> Work order
Give back exactly the stretch of data below from the line holding "マムの色は薄紫色の濃淡のもの" through the line holding "Student Mosquito Net", both ends included, and leave the remaining lines out.

> Exercise data
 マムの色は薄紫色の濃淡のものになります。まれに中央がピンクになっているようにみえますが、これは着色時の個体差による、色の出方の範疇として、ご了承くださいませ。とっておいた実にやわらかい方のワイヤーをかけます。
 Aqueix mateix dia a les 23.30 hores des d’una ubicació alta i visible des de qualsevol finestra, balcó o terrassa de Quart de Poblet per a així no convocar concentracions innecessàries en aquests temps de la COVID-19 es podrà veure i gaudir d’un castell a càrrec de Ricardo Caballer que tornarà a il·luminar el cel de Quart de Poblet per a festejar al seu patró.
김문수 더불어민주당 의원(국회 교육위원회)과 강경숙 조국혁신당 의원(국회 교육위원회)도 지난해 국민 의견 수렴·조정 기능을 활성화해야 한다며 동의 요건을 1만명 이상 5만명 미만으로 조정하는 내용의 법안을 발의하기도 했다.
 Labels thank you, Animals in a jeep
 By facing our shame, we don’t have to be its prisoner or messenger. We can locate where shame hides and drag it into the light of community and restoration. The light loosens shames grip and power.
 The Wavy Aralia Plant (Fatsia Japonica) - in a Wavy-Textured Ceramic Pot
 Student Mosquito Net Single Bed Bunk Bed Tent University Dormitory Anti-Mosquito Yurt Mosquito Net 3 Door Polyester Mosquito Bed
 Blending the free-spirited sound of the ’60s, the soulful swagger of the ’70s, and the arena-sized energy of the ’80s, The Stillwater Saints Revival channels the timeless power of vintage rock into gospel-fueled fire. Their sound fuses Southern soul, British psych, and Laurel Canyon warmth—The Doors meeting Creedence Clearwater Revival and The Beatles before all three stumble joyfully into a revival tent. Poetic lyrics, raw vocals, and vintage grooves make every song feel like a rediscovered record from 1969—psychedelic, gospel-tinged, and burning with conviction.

---

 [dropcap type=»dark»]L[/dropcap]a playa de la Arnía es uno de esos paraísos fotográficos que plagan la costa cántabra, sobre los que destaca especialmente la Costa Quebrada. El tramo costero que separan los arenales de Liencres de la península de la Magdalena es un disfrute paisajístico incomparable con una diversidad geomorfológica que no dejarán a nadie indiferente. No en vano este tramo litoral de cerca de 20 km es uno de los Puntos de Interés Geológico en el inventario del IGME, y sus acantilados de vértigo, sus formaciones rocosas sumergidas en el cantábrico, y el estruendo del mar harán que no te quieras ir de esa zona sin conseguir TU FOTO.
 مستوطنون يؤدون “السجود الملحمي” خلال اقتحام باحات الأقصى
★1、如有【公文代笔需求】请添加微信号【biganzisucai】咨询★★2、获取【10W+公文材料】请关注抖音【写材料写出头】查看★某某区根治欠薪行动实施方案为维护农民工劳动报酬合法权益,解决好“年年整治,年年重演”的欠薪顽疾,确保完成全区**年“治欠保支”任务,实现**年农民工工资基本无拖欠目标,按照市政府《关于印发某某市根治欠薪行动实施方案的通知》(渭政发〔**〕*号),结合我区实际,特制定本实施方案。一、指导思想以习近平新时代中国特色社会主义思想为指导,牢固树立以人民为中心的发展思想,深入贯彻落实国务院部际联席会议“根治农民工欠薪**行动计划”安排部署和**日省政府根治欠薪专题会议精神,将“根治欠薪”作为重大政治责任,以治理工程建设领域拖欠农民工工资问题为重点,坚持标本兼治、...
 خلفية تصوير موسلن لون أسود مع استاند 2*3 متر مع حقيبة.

* * *

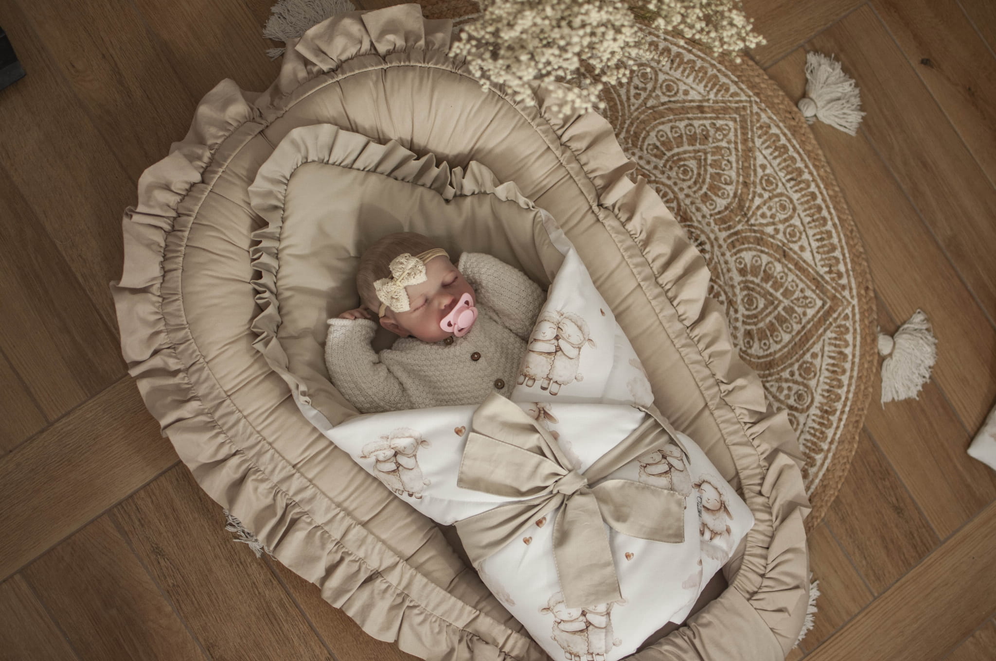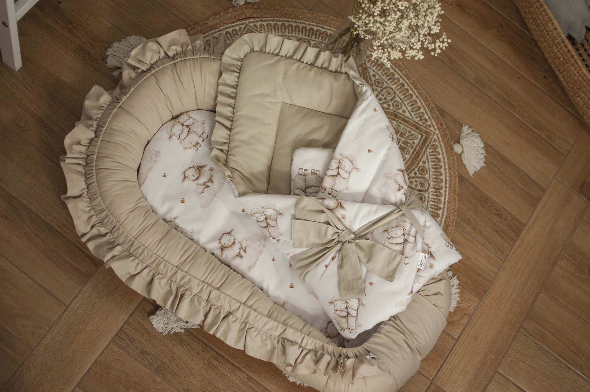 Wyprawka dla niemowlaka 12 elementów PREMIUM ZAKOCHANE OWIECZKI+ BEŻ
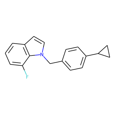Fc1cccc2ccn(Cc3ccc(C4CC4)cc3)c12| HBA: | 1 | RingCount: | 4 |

> Task response
 マムの色は薄紫色の濃淡のものになります。まれに中央がピンクになっているようにみえますが、これは着色時の個体差による、色の出方の範疇として、ご了承くださいませ。とっておいた実にやわらかい方のワイヤーをかけます。
 Aqueix mateix dia a les 23.30 hores des d’una ubicació alta i visible des de qualsevol finestra, balcó o terrassa de Quart de Poblet per a així no convocar concentracions innecessàries en aquests temps de la COVID-19 es podrà veure i gaudir d’un castell a càrrec de Ricardo Caballer que tornarà a il·luminar el cel de Quart de Poblet per a festejar al seu patró.
김문수 더불어민주당 의원(국회 교육위원회)과 강경숙 조국혁신당 의원(국회 교육위원회)도 지난해 국민 의견 수렴·조정 기능을 활성화해야 한다며 동의 요건을 1만명 이상 5만명 미만으로 조정하는 내용의 법안을 발의하기도 했다.
 Labels thank you, Animals in a jeep
 By facing our shame, we don’t have to be its prisoner or messenger. We can locate where shame hides and drag it into the light of community and restoration. The light loosens shames grip and power.
 The Wavy Aralia Plant (Fatsia Japonica) - in a Wavy-Textured Ceramic Pot
 Student Mosquito Net Single Bed Bunk Bed Tent University Dormitory Anti-Mosquito Yurt Mosquito Net 3 Door Polyester Mosquito Bed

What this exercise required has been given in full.